Bush's success owes in part to his ability as an impressionist. In business, it was his father he was imitating. Like Dad, he moved to Midland, Texas, and went into the oil business. W., however, made money trading off his father's name, not finding oil.

But when he decided to run for governor in 1994, after suddenly discovering he was dedicated to public service, it would no longer do to promote himself as Daddy's little boy. He switched to an impression of the tough-as-leather Texan familiar to us from Westerns. This stage gimmick isn't always convincing, as Ivins notes: “For an upper-class white boy, Bush comes on way too hard-ass—at a guess, to make up for being an upper-class white boy.” In politics, Bush has always striven to keep people from noticing that he is an Ivy League-educated son of wealth and privilege, whose uncles are powers on Wall Street and whose 13th cousin, once removed, is Queen Elizabeth.

In going from state to national politics, he has kept the twang but moved on to an impression of a man who has been directing the government of a large state for six years. As a guide to Texas politics and its peculiar “weak-governor system,” Shrub is invaluable. “The single most common misconception about George W. is that he has been running a large state for the past six years,” Ivins writes. “Although the governor does have the power to call out the militia in the case of an Indian uprising, by constitutional arrangement the governor of Texas is actually the fifth-most-powerful statewide office: behind lieutenant governor, attorney general, comptroller and land commissioner.” Most of the powers normally associated with a governor belong to Texas' lieutenant governor.

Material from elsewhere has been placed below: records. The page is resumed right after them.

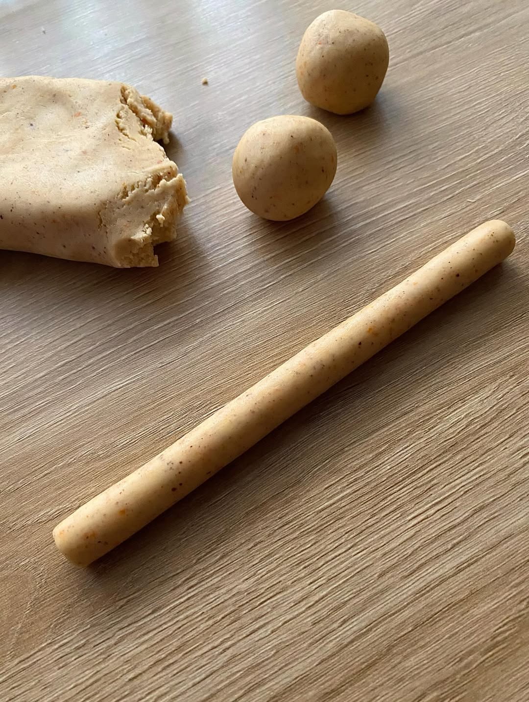 5. Her bir parçayı tezgâh üzerinde 15–20 cm uzunluğunda, silindir çubuklar haline getirelim.
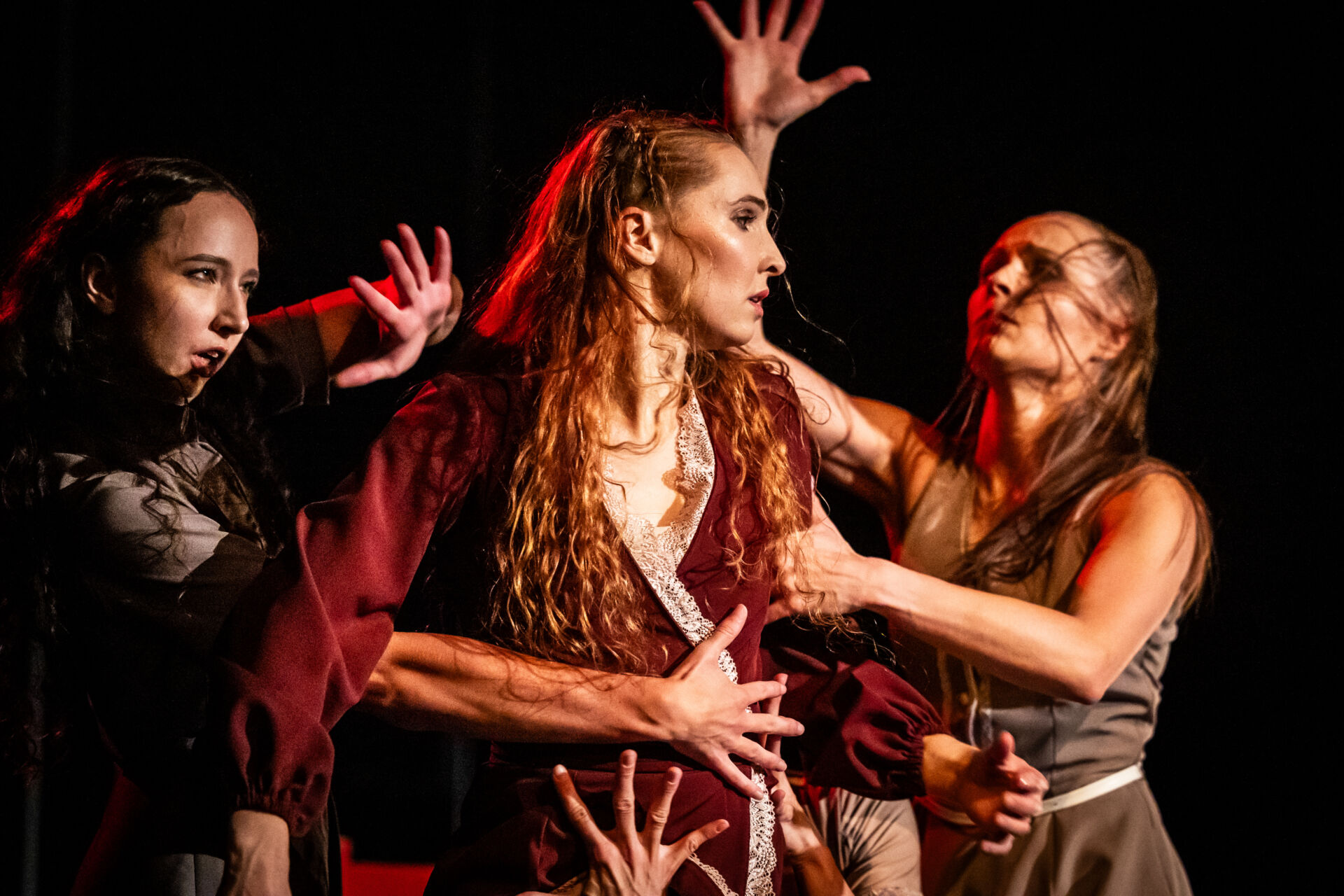 Nie ma tu linearnej fabuły – są tylko emocje, wątpliwości, lęki i uwolnienie. Poprzez ruch, interakcję i rytm odkrywa się główna idea: kobiece wsparcie to siła, która potrafi uzdrawiać.
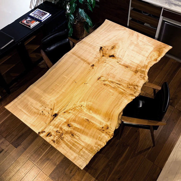 木には人と同じように個性があります。樹種や産地、樹齢はもちろん、同じ丸太から製材した一枚板でも同じものはひとつとしてありません。同じ名前の木でも色の明るいもの、暗いもの、節があるもの、傷があるものなど様々です。それは木が長い年月を過ごしてきた証であり、木が持つ個性です。だからこそ一枚板は‘世界にひとつのモノ’になるのです。

So how has such a person been able to attract record-shattering amounts of money to run for president? It's because he knows he owes his political life to big corporate money and acts accordingly. As Ivins rather indelicately sums it up, “he's a CEO's wet dream. He carries their water, he's stumpbroke —however you want to put it, George W. Bush is a wholly owned subsidiary of corporate America.”

Al Gore: A User's Manual by Alexander Cockburn and Jeffrey St. Clair; Verso. 284 pages, hardcover, $23; Shrub: The Short but Happy Political Life of George W. Bush by Molly Ivins and Lou Dubose; Random House. 179 pages, hardcover, $19.95.